In order for TUPE to apply to a change in service provision, the services that are provided before and after the change in provider must remain “fundamentally the same”. Often it can be tricky to work out what that phrase means and the extent to which it is necessary to look at differences in the detail of the service provided.
Salvation Army v Bahi & ors (UKEAT/0120/16/RN)
What does this case tell us?
In a nutshell, a Tribunal will take a fairly wide approach to determining whether the activities involved remain fundamentally the same. If it is apparent that the transferee will be undertaking very similar activities with similar outcomes to the transferor, the services will be regarded as fundamentally the same even if there are some differences in the way the service will be provided.
In 2009 Coventry Cyrenians Limited (CCL) began operating two contracts on behalf of Coventry City Council to provide “accommodation based support” for men and women.
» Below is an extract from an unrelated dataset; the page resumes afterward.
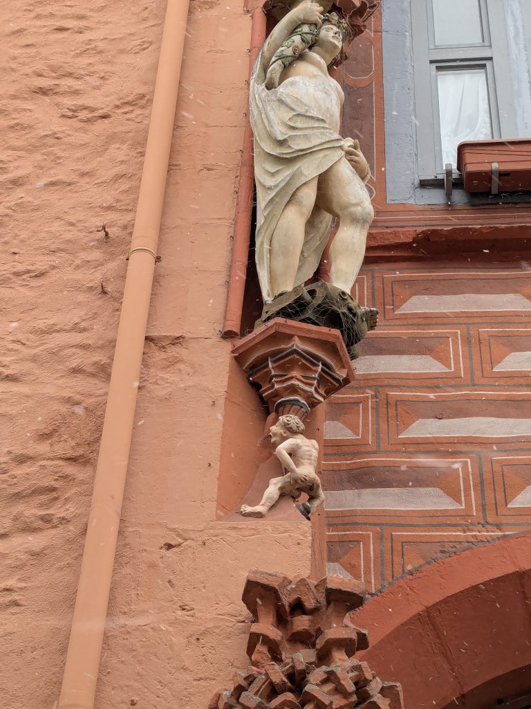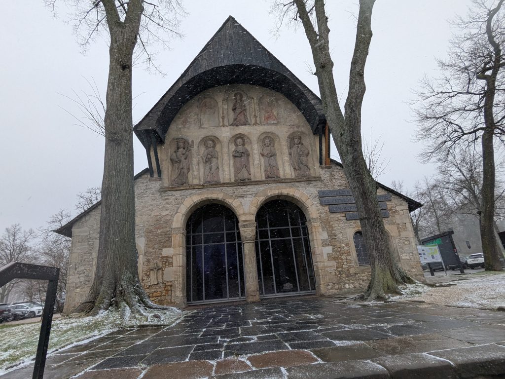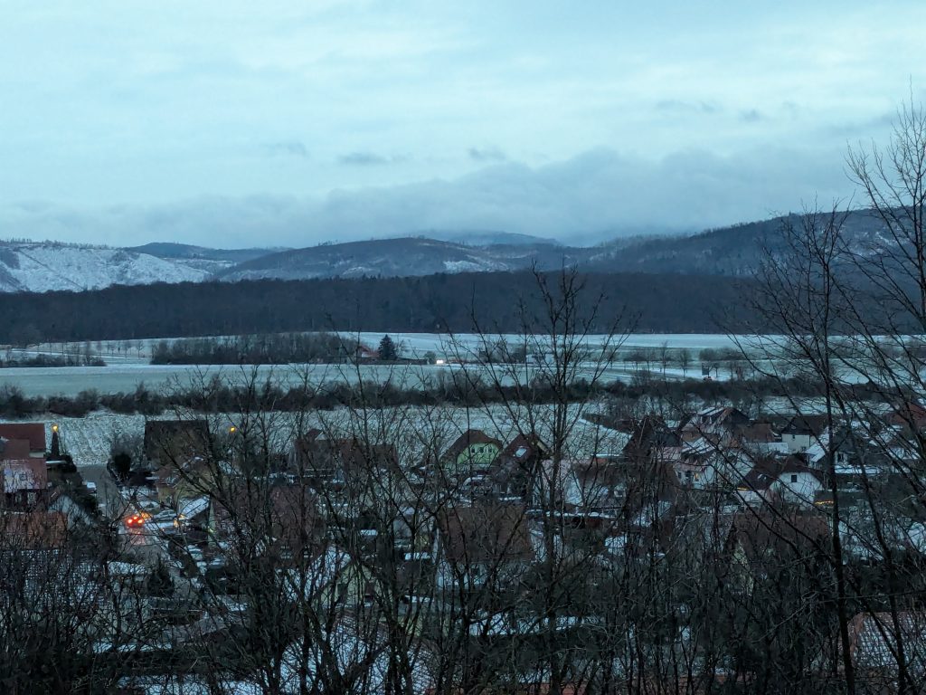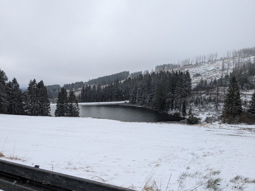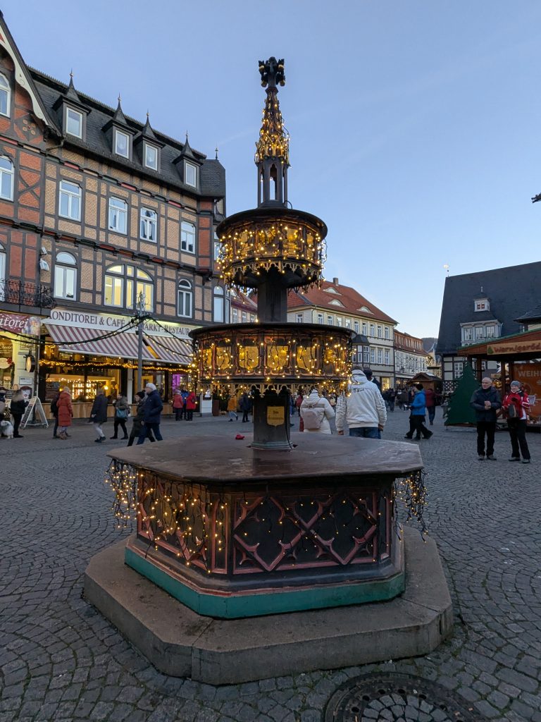 Der Wetterbericht sagt teils leichter Schneefall. Als wir gegen Mittag in Richtung Goslar aufbrechen, fliegt ab und an leichter Schneegriesel. In Goslar finden wir schnell einen Parkplatz in einem Parkhaus Nähe der Altstdt. Allerdings fährt Ralf beim Einparken fast unseren linken Außenspiegel an eine Betonpfeiler ab.: -( Zum Glück nur fast. Wir starten die Besichtigung. Die Altstadt ist toll, viele schöne alte Häuser, leider weht ein eisig kalter Wind. Nach einiger Zeit müssen wir uns erstmal in einen Asia Imbiss bei Nudelsuppe und Huhn sezuan aufwärmen. Danach geht die Site-seeing Tour weiter. Inzwischen hat leichter Schneefall eingesetzt. Es ist kalt und ungemütlich. Als wir die Kaiserpfalz erreichen reicht unsere Motivation nur noch für ein kurzes Foto. Auf dem Marktplatz warten wir dann unter den Rathaus Arkaden auf das Glockenspiel. Es spielt dann auch, aber die Figuren kommen nicht raus. Wahrscheinlich haben sie keine geeignete Winterkleidung. 😉 Der Schnee wird immer stärker und wir haben genug. Auf dem Weg zurück zum Parkhaus finden wir noch einen netten kleinen Laden mit Glas und Holzschmuck, wo ich endlich neue Glasschneeflocken und eine kleine Harzhexe bekomme, dann geht es endlich zurück nach Ilsenburg. Auf der Rückfahrt herrscht dichtes Schneetreiben und auf dem Stellplatz liegen 8,5 cm Neuschnee.

From 1 April 2014, after winning a wider contract, the Salvation Army Trust (SAT) began operating those services.
There were however fairly significant differences between the services:
- CCL had provided support in 10 houses of multiple occupancy which were not staffed overnight whilst SAT operated the service from only two hostels which were staffed overnight;
- CCL support workers worked normal office hours whilst SAT support workers operated from 7am to 7pm;
- Under CCL’s service residents were expected to stay for 12 months, with the possibility of staying up to 24 months, though in reality most moved on within six months. Under SAT those accommodated were able to stay for a maximum of 112 days; and
- CCL’s service users could be any age from 18 up while 25 was the minimum age for using the new service operated by SAT.
The Judge in the Employment Tribunal found that the services offered by the new provider were fundamentally the same as those offered by the old provider. He described the services as “the provision of accommodation based support for homeless men and women”.
In determining the appeal the EAT set out the following principles that it found apply when a Tribunal considers how “activities” should be defined:
- The word “activities” is to be given its ordinary, everyday meaning;
- They must be defined in a common-sense and pragmatic way;
- They should not be defined too generally, but the definition should be holistic; and
- An excessively detailed definition would risk defeating the purpose of the SPC provisions.
The EAT found that, given that the majority of service users moved on within six months and there were no requirements in the Council’s contracts as to whether the accommodation was provided at more or fewer sites, the Judge had been entitled to define the activities as he had.